> SOURCE MATERIAL:
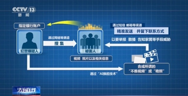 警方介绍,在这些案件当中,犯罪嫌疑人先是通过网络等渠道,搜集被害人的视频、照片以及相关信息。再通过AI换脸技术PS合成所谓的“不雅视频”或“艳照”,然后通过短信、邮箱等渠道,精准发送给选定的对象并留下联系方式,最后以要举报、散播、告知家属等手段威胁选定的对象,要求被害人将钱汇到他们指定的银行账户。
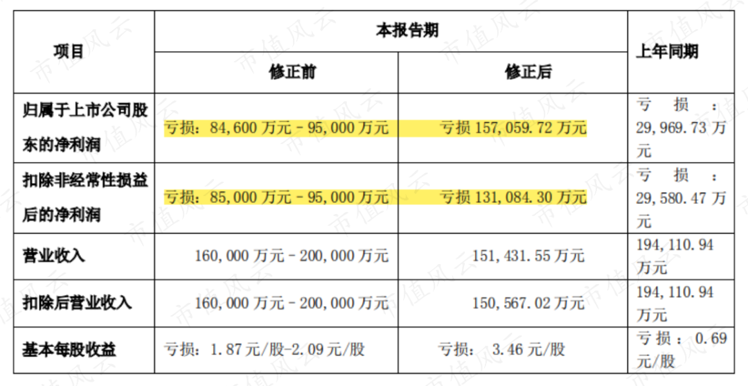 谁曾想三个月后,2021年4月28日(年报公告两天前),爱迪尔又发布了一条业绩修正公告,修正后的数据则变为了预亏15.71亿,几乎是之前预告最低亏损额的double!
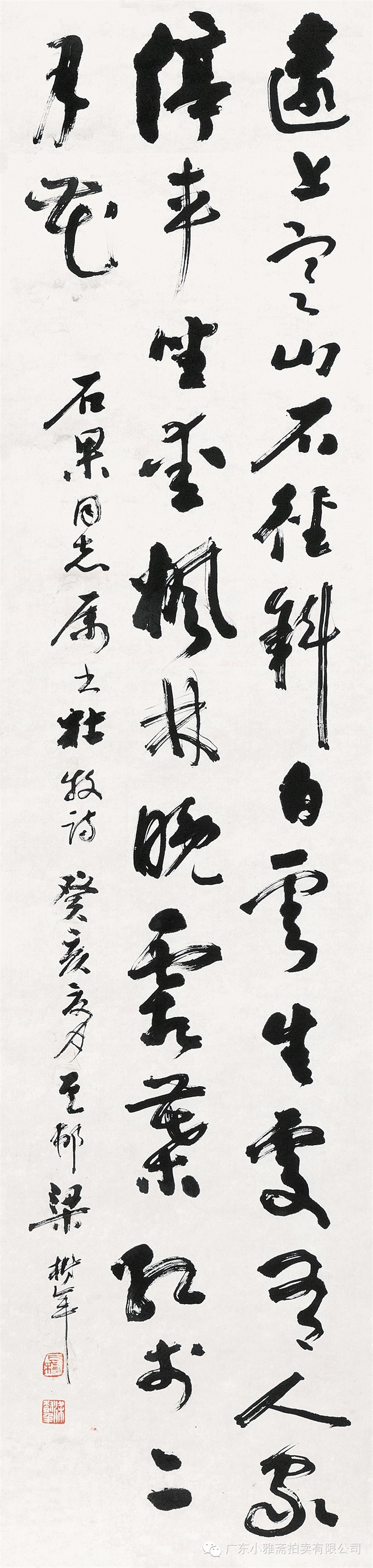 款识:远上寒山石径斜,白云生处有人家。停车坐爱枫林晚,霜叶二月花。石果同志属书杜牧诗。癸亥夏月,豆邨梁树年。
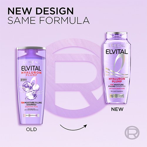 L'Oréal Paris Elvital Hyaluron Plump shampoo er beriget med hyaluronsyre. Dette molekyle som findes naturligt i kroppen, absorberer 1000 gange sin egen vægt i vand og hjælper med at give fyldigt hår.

* * *

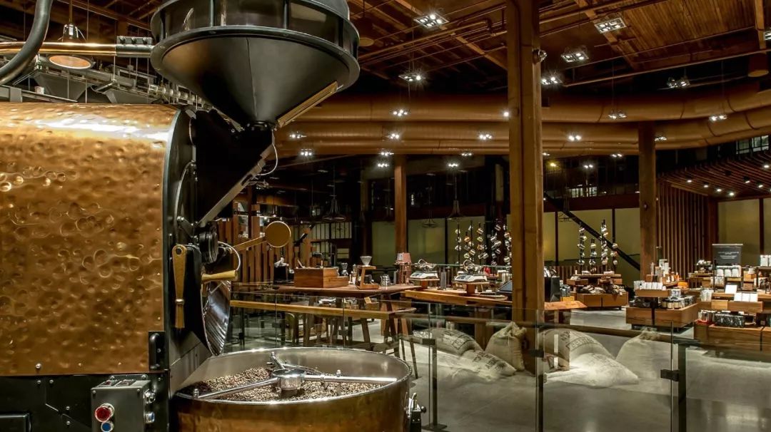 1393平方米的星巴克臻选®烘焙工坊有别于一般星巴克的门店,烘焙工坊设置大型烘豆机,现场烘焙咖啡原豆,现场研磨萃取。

> TASK TO CARRY OUT: Return exactly the part of the listing above that opens with the line containing "谁曾想三个月后,2021年4" and closes with the line containing "L'Oréal Paris Elvital". Pictures stay out.

> RESULT OF THIS TASK:
 谁曾想三个月后,2021年4月28日(年报公告两天前),爱迪尔又发布了一条业绩修正公告,修正后的数据则变为了预亏15.71亿,几乎是之前预告最低亏损额的double!
 款识:远上寒山石径斜,白云生处有人家。停车坐爱枫林晚,霜叶二月花。石果同志属书杜牧诗。癸亥夏月,豆邨梁树年。
 L'Oréal Paris Elvital Hyaluron Plump shampoo er beriget med hyaluronsyre. Dette molekyle som findes naturligt i kroppen, absorberer 1000 gange sin egen vægt i vand og hjælper med at give fyldigt hår.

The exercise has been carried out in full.